Question

Find the value of acceleration of block $B$ (in ${\text{m/s}}^2$) for the system shown in figure. Take $g=10{\text{m/s}}^2$.

• A. $\frac{15}{2}{\text{m/s}}^2$
• B. $\frac{5}{2}{\text{m/s}}^2$
• C. $8{\text{m/s}}^2$
• D. $\frac{25}{2}{\text{m/s}}^2$

Answer 1

The correct option is A $\frac{15}{2}{\text{m/s}}^2$

Total length of string $\left(l\right)$ will remain constant. Let the length of the string between block $B$ and pulley attached to block $A$ be $x_A$.

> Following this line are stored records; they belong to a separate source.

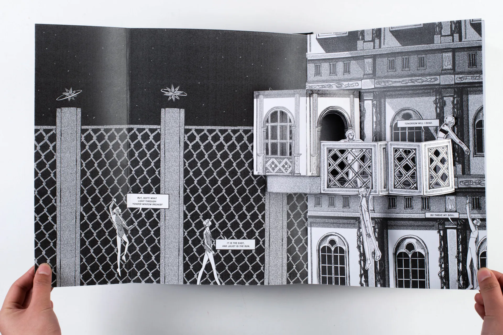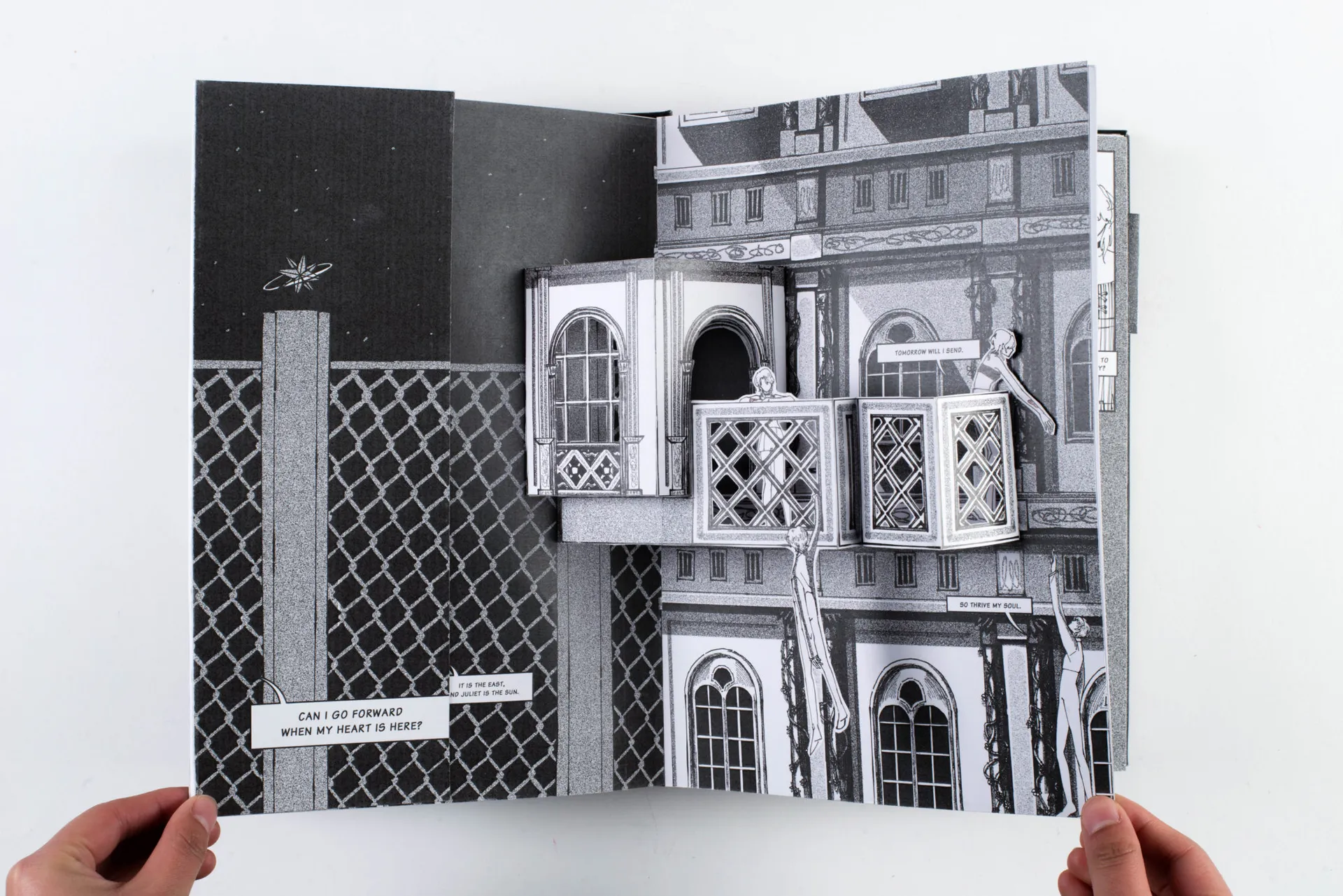 This project takes the form of an illustrated graphic novel with pop-up pages, aimed at an audience of around 14-18. My approach is mostly monochromatic, with a sparing use of colour.
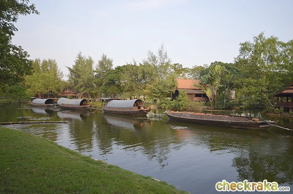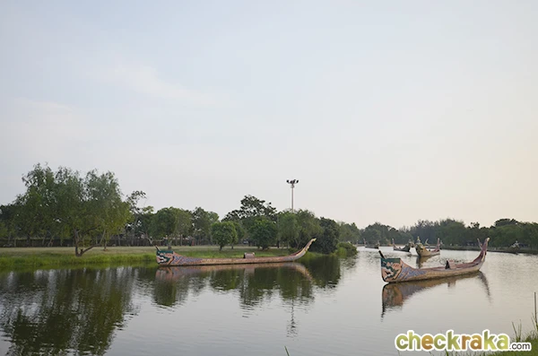 จำลองกระบวนพยุหยาตราชลมารค หากใครต้องการรับฟังรายละเอียดแต่ละสถานที่สามารถขึ้นรถรางตามรอบที่กำหนดและฟังจากวิทยาการได้ หรือถ้าใครเลือกจักรยานหรือรถกอล์ฟ สามารถขอเครื่องให้รายละเอียดจากตอนที่ซื้อบัตรได้เลยค่ะ
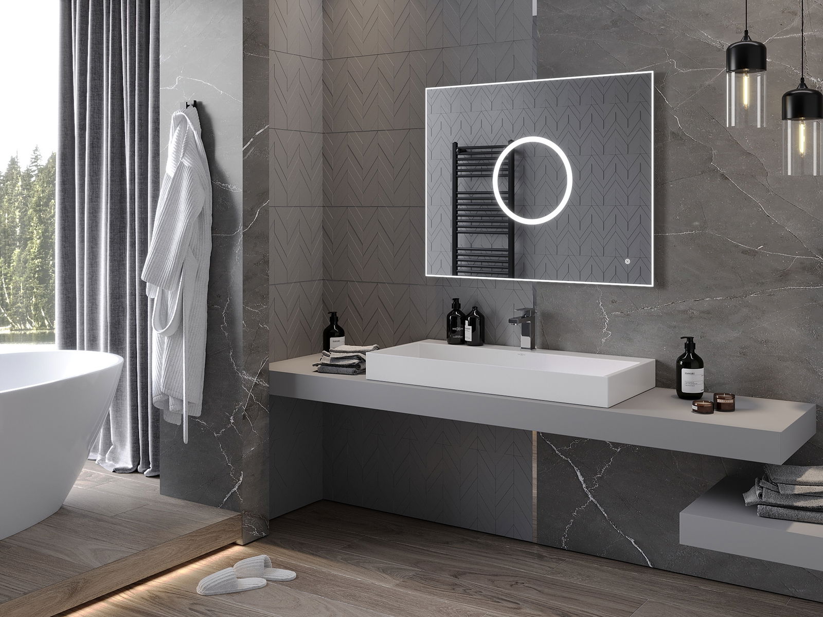 Podsvietenie LED v zrkadle je praktický prvok, ktorý uľahčuje každodennú starostlivosť vďaka možnosti ideálneho osvetlenia tváre. Podsvietenie dáva kúpeľni moderný povrch a zdôrazňuje jej elegantný dekor.
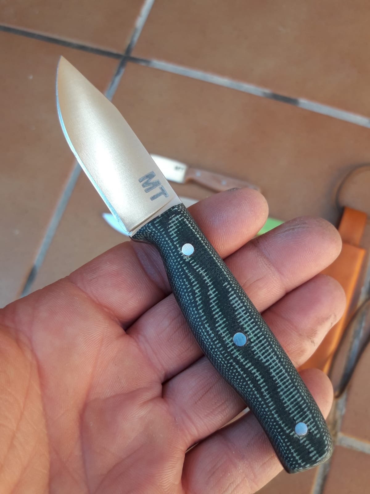 Mensaje del artesano: Aqui os dejo unas fotos de mi nuevo diseño el modelo "Grillo" , se trata de un cuchillo chiquitito de cuello fabricado con acero inox de buena calidad (Bohler N690Co ) y cuyas medidas aproximadas son 7cm de hoja y 8cm de mango 2cm de anchura y 3mm de grosor, vaciado plano hasta el lomo y remaches de inox. de momento dispongo de estos acabados , respectivamente de arriba a abajo : micarta verde chillona, G10 negro , G10 marron, micarta verde y micarta marron . La funda es tanbien artesanal fabricada por mi en cuero de 3mm de grosor y con cordon de paracord para cuello incluido en el precio.
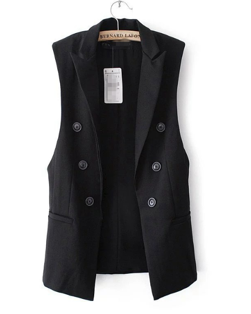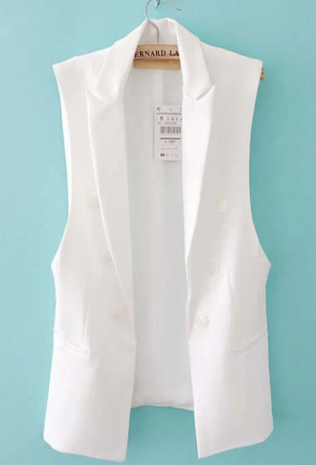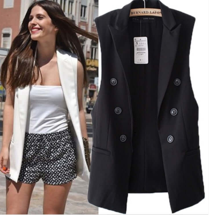 Elegantíssimo colete feminino longo alfaiataria com 3 botões na parte frontal, gola inglesa alongada, nas cores branco e preto. Perfeito para alongar a silhueta, peça-chave que sempre traz sofisticação e elegância nos looks.
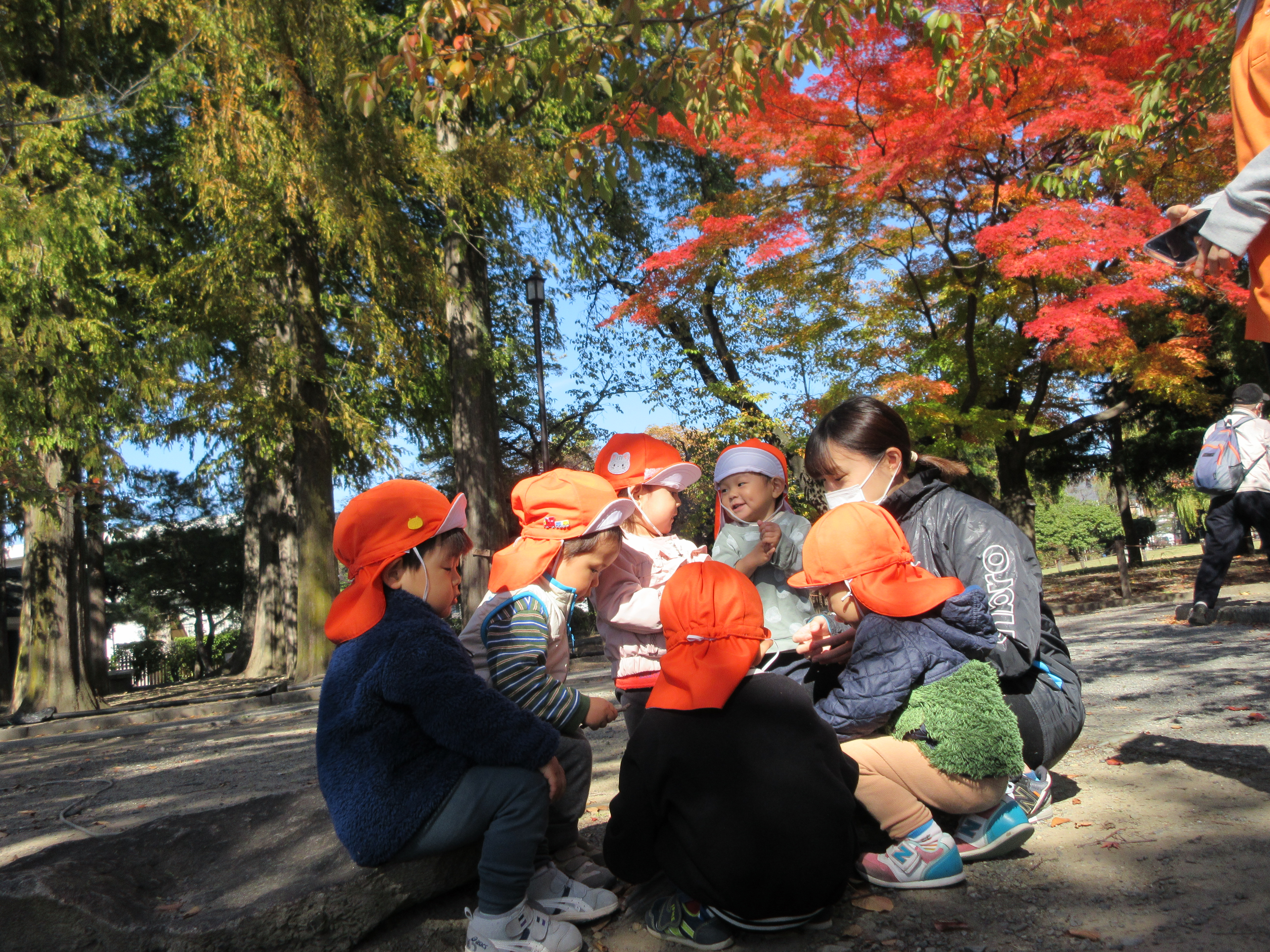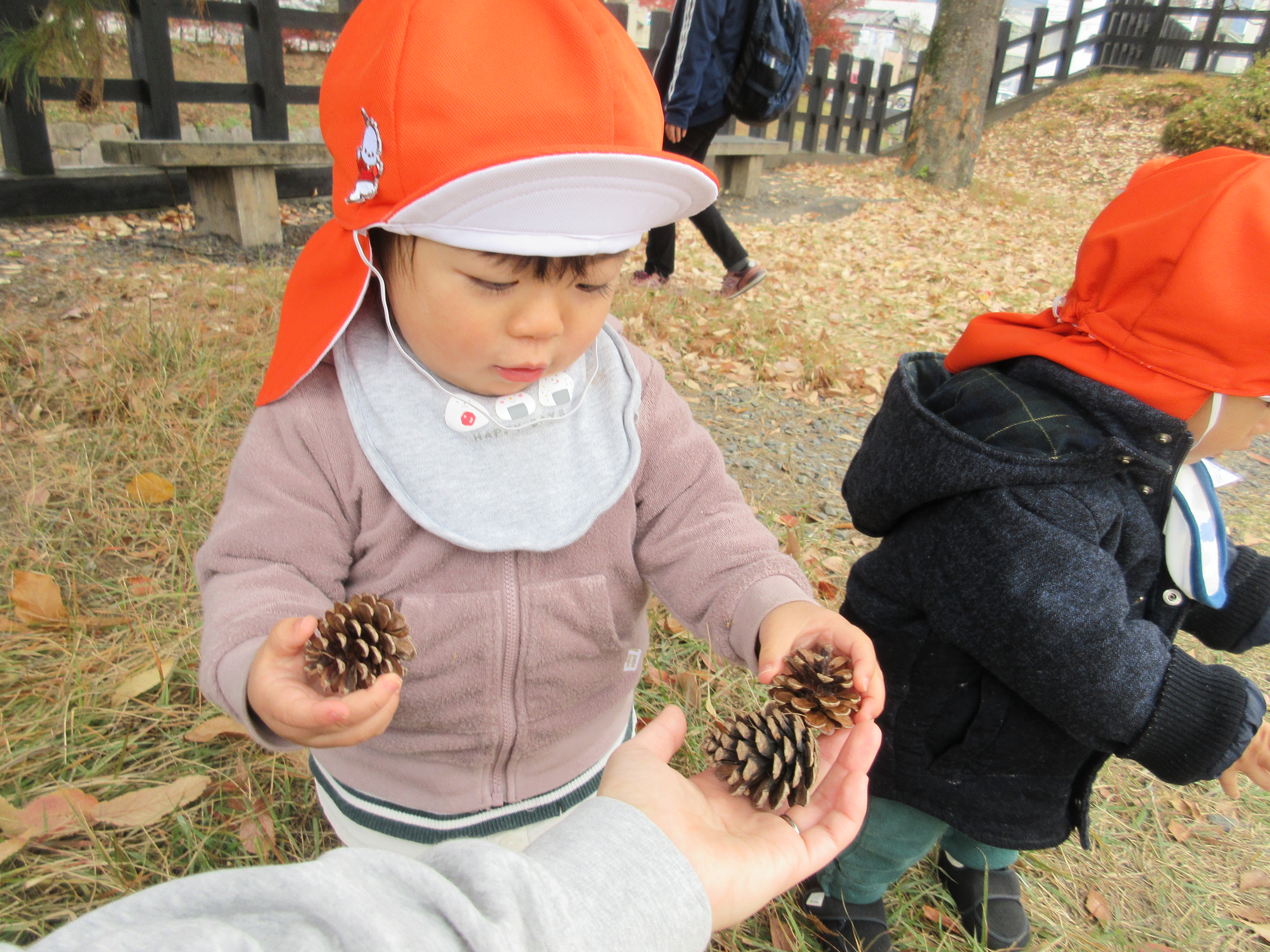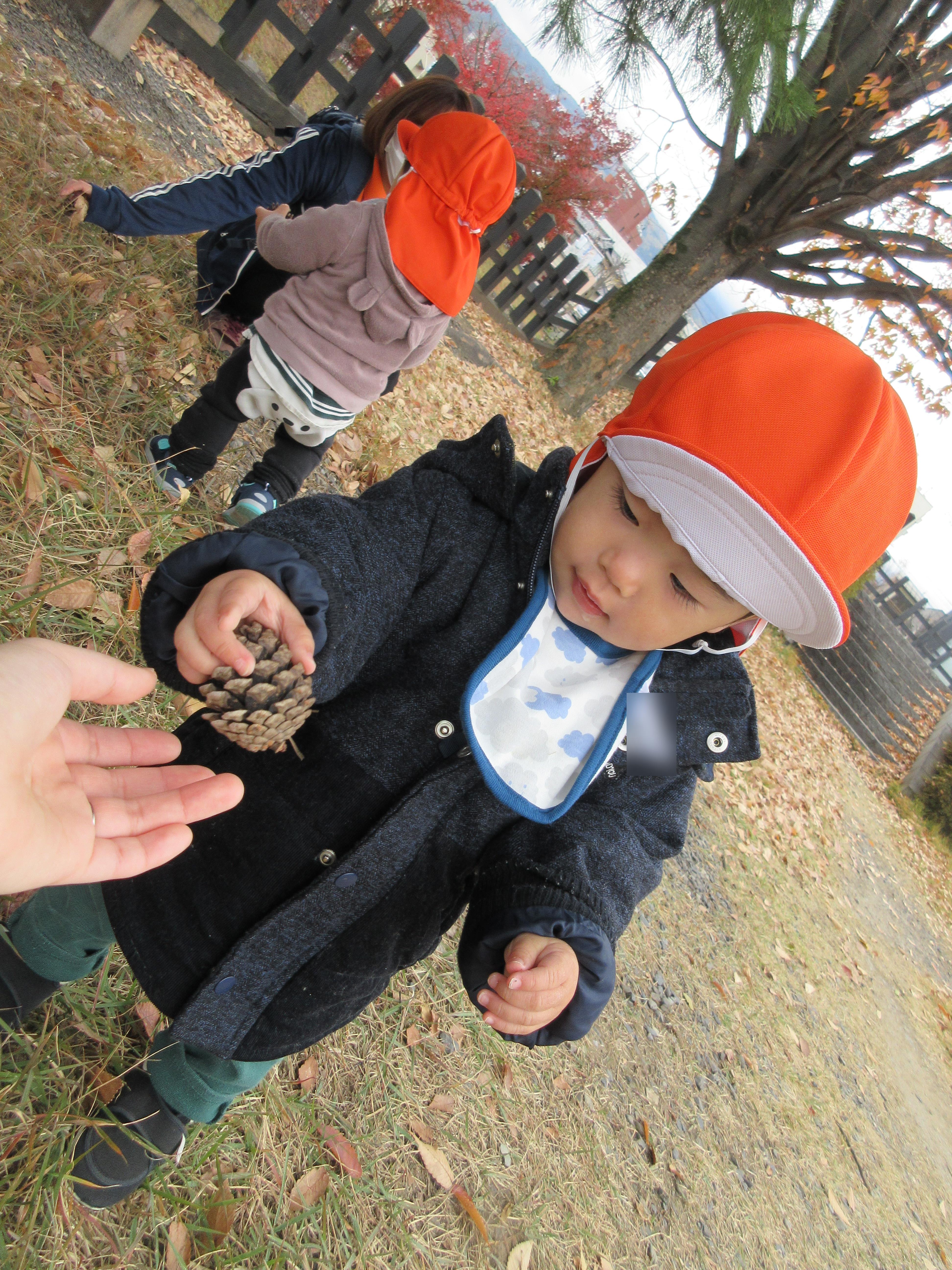 見つけたまつぼっくりを先生のところまで持ってきて見せてくれる姿がまたかわいいですよね![]()
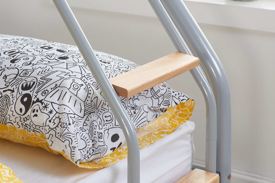 This frame also features beech coloured rubberwood post caps and ladder steps. The top sleeping bunk has a 3' sleeping area, whereas the bottom bunk offers a 4'6 sleeping space.
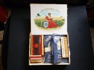 Scatole di sigari antiche, ciascuna con un design diverso. Sono un interessante oggetto da collezione. - Scatola 1: Bar Ristorante MARISQUERIA SERANTES, Bilbao. - Scatola 2: CIGA HOTELS. - Scatola 3: Restaurant can gatell, Rodolfo, CAMBRILS PORT. - Scatola 4: airó. - Scatola 5: LLICORELLA. - Scatola 6: airó. - Scatola 7: CIGA HOTELS. - Scatola 8: RESTAURANT CAN PONS, MIAMI, SAN CARLES DE LA RAPITA. - Scatola 9: Scatola nera. - Scatola 10: Scatola bianca con logo. -CIASCUNA x 1€
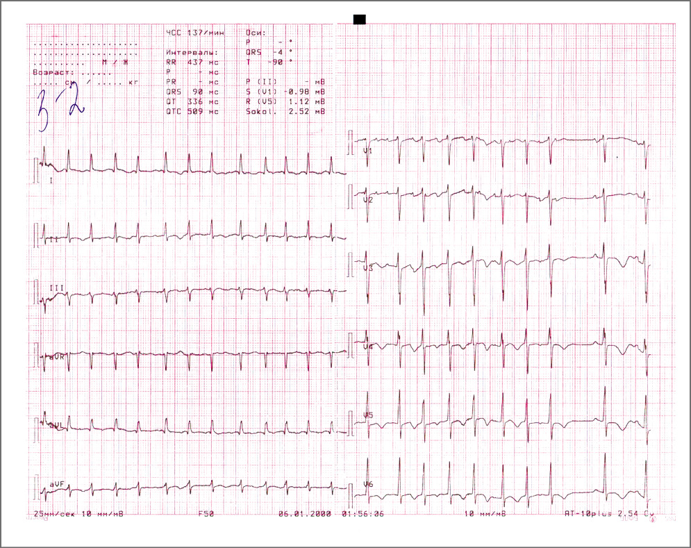 Рис. 1. ЭКГ при поступлении в стационар: синусовый ритм

$\therefore l=x_B+3x_A...\left(i\right)$
where $l$ represents total string length at the level of the pulley attached to $A$.
Differentiating Eq $\left(i\right)$ twice w.r.t time,
$\Rightarrow 0=\frac{d^2{x}_B}{d{t}^2}+3\frac{d^2{x}_A}{d{t}^2}$
$\Rightarrow 0=-a_B+3a_A$
($a_B$ is $-ve$ since distance $x_B$ is decreasing)
$\Rightarrow a_B=3a_A...\left(ii\right)$

Applying Newton's $2^{nd}$ law for block $B$,
$T=m{a}_B....\left(iii\right)$
For block $A$,
$3mg-3T=3m{a}_A$
or $mg-T=m{a}_A...\left(iv\right)$

From Eq. $\left(ii\right),\left(iii\right),\left(iv\right)$:
$mg=m{a}_A+m{a}_B$
$\Rightarrow mg=4m{a}_A$
$\therefore a_A=\frac{10}{4}=\frac{5}{2}{\text{m/s}}^2$
$\&a_B=\frac{15}{2}{\text{m/s}}^2$